Why model providers aren’t the delivery harness today

Managed agents. Stateful APIs. Server-side memory. Model providers are extending into harness territory, and for many use cases, that works. For software delivery specifically, the architecture runs into a different set of constraints.

The credentials problem. Every software delivery action requires production credentials: cloud admin roles, Kubernetes service accounts, database passwords, secrets manager keys. The most sensitive assets in the company. Enterprises spend years building the controls around them: vaults, rotation, scoped access, audit trails. A model-provider-hosted agent loop would require those credentials to flow through the model provider’s infrastructure on every action. Few CISOs will approve it. Few auditors will sign off. In regulated industries, it’s often a non-starter.

The inversion. A model can be hosted anywhere. Any provider, any cloud. Execution has to happen inside the enterprise, using credentials that never leave. The model stays outside. The control plane runs inside. Intelligence can live anywhere. The control plane can’t.

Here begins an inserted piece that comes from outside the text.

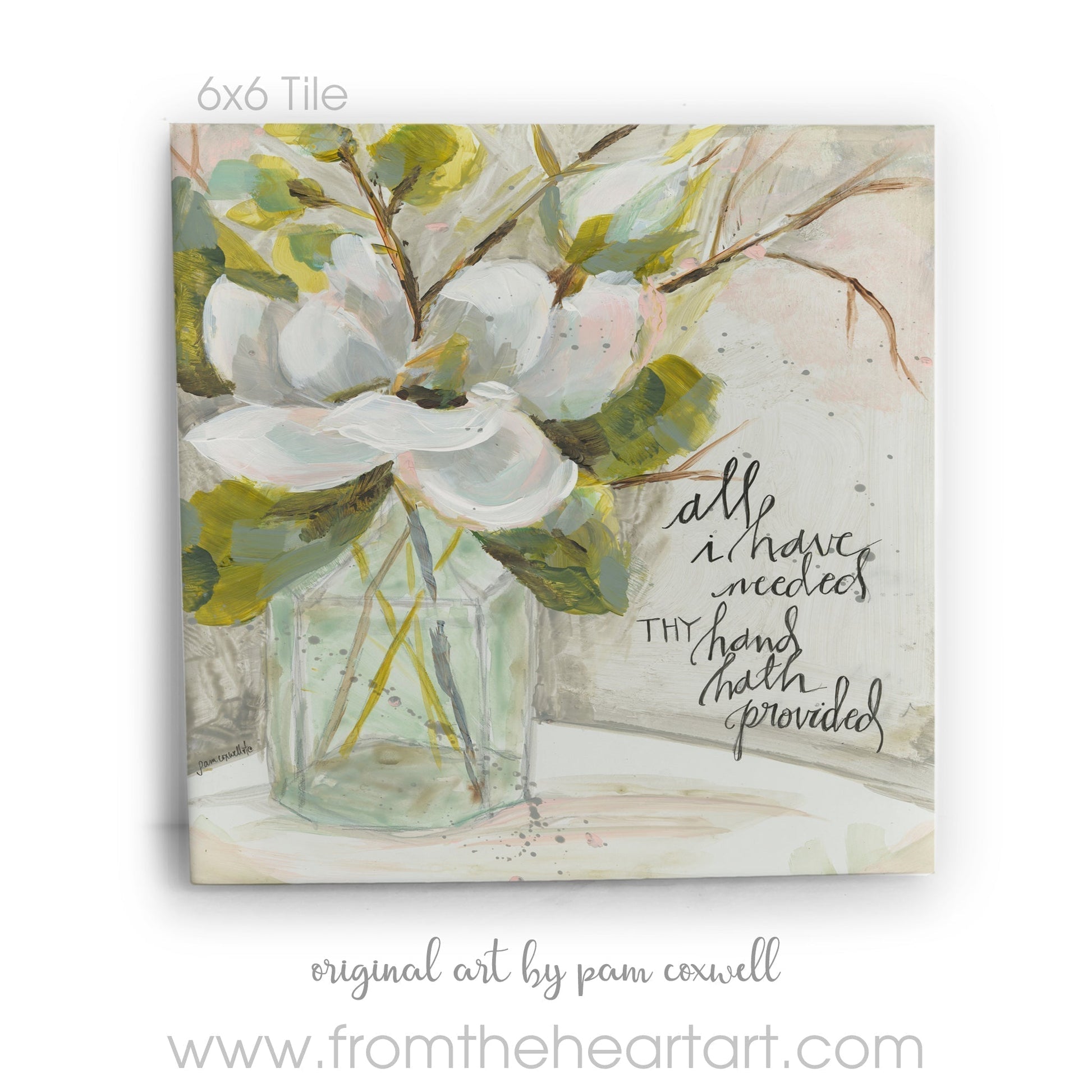 The "Bottle & Magnolia Bloom" is an original design painted by Pam Coxwell.

The live-state problem. A software delivery agent’s answer to “Is this safe to ship?” depends on a state that changes every minute. The current change freeze. The latest incident. The newest CVE. Who’s on call right now. Whether the deployment window just closed. A model provider can reason about what you put in the prompt. It doesn’t naturally own the current state of your delivery system. A model provider knows the world. The harness has to know your world, right now.

The accountability problem. When a delivery agent does something wrong, the model provider isn’t on the incident bridge. The on-call engineer is. The platform lead is. The CTO is. The company is the one that has to explain the outage to customers, the finding to regulators, the miss to the board. Accountability can’t be outsourced. The harness that constrains the agent can’t be either.

A model provider can be the brain. It can’t be the harness for delivery.

AI for everything after code

More and more code will be written by AI. The bottleneck is shifting from code generation to safe delivery.

Coding agents help developers write code. Software delivery agents help teams safely deliver and operate it. Two harnesses. Two categories. Two sets of winners.

The foundation for software delivery is ready. The agents that need it are arriving now. The category now has a name.

We’ve always called it Harness. The idea just got bigger.